Bishop of Clermont (Arvernis)
- In office 424–446
- Preceded by: Venerandus
- Succeeded by: Namatius

= Rusticus of Clermont =

Christian Bishop

Rusticus of Clermont (or Rustique, Rotiri; died 446) was a Bishop of Clermont in Auvergne.
His feast day is 24 September.

==Life==

Rusticus was a priest in Clermont when the former bishop, Venerandus, died.
It is said that an assembly of citizens were arguing about candidates to succeed Venerandus when a veiled nun told them to let the Lord make the choice and he would come.
At that moment, Rusticus arrived, and the woman cried out that he was the one appointed by the Lord.
Rusticus succeeded as bishop of Clermont, and was bishop from 424 to 446.
He was succeeded by Namatius, who was bishop from 446 to 462 and founded Clermont Cathedral.
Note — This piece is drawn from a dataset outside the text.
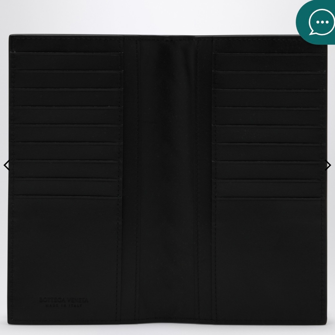 ボッテガ・ヴェネタのブラックレザー縦型カードホルダー。 イントレチャート模様と18個の内側カードスロット、サイドスロットが特徴です。
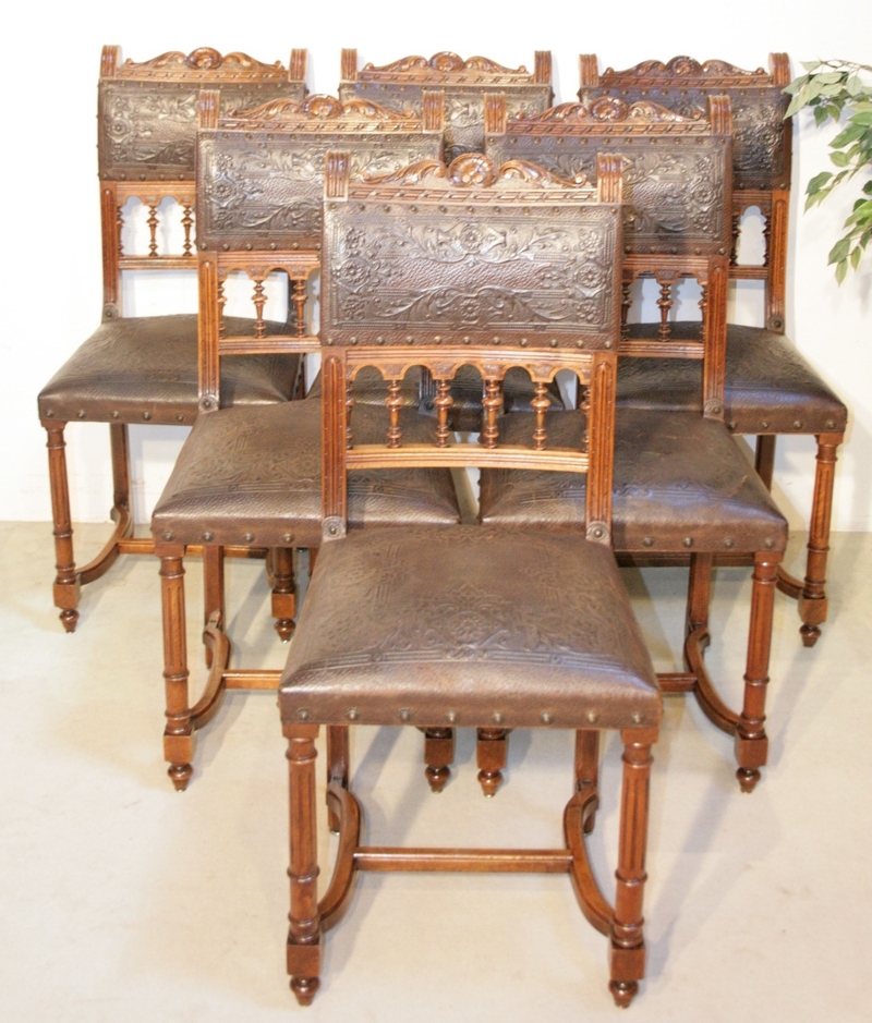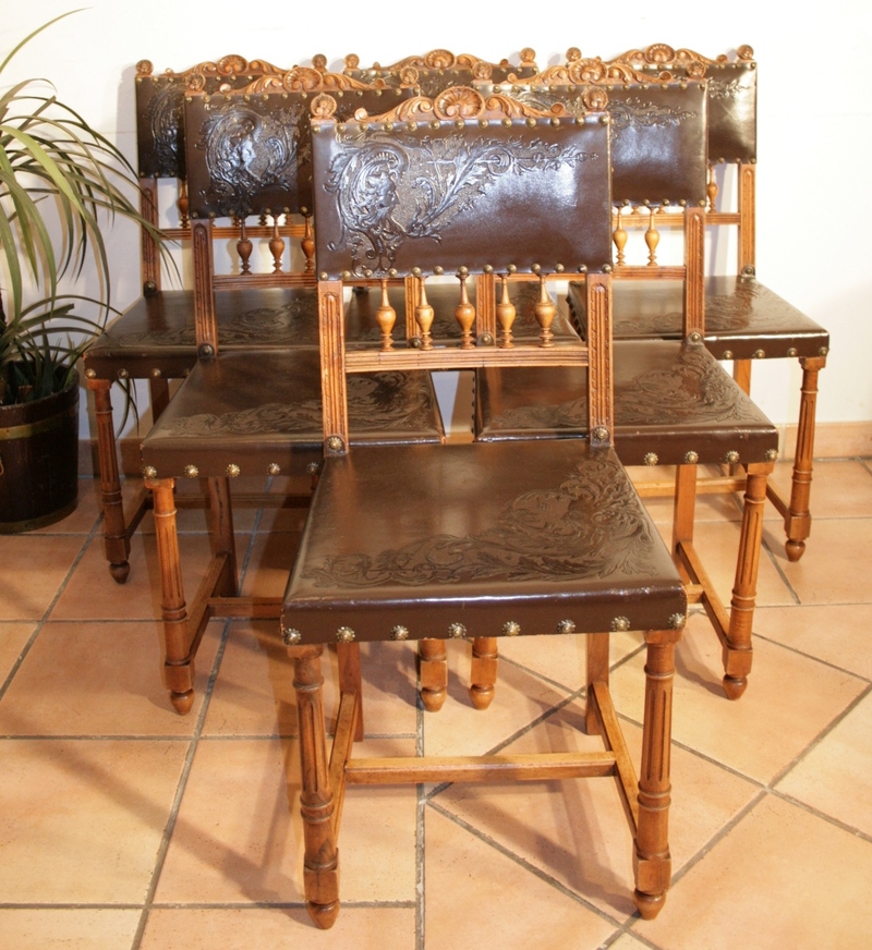6 Elegante Stühle mit Prägeleder um 1880 6 Elegante Stühle mit Prägeleder um 1880 Breite 42 cm Tiefe 39 cm Höhe 93 cm Sitzhöhe 46 cm 0.00 € |

==Monks of Ramsgate account==

The Monks of Ramsgate wrote in their Book of Saints (1921),

Rusticus (St.) Bp. (Sept. 24)
(5th cent.) The seventh Bishop of Clermont in Auvergne, concerning whose election Saint Gregory of Tours relates that it was brought about by a special intervention of Divine Providence. He died A.D. 446, in the twentieth year of his Episcopate.

==Butler's account==

The hagiographer Alban Butler (1710–1773) wrote in his Lives of the Fathers, Martyrs, and Other Principal Saints under September 24,

St. Rusticus, commonly called St. Rotiri, Bishop of Auvergne. Upon the death of St. Venerand, bishop of Auvergne, which happened the 24th of December, 423, there arose a sharp contest about the choice of a successor; but it is said that God signified his will in an extraordinary manner, in consequence of which the vacant see was conferred on Rusticus, a person remarkable for the sanctity of his manners. He was a native of the diocess, and had the administration of a parish there. This is all that with any certainty is known concerning his life. There were in this age two other bishops of the same name; one of Lyons, and the other of Narbonne. St. Rusticus of Auvergne died about the end of the reign of Valentinian III. He is mentioned on this day in the Roman Martyrology. See St. Greg. of Tours, Hist. l. 3, c. 13, Baillet, &c.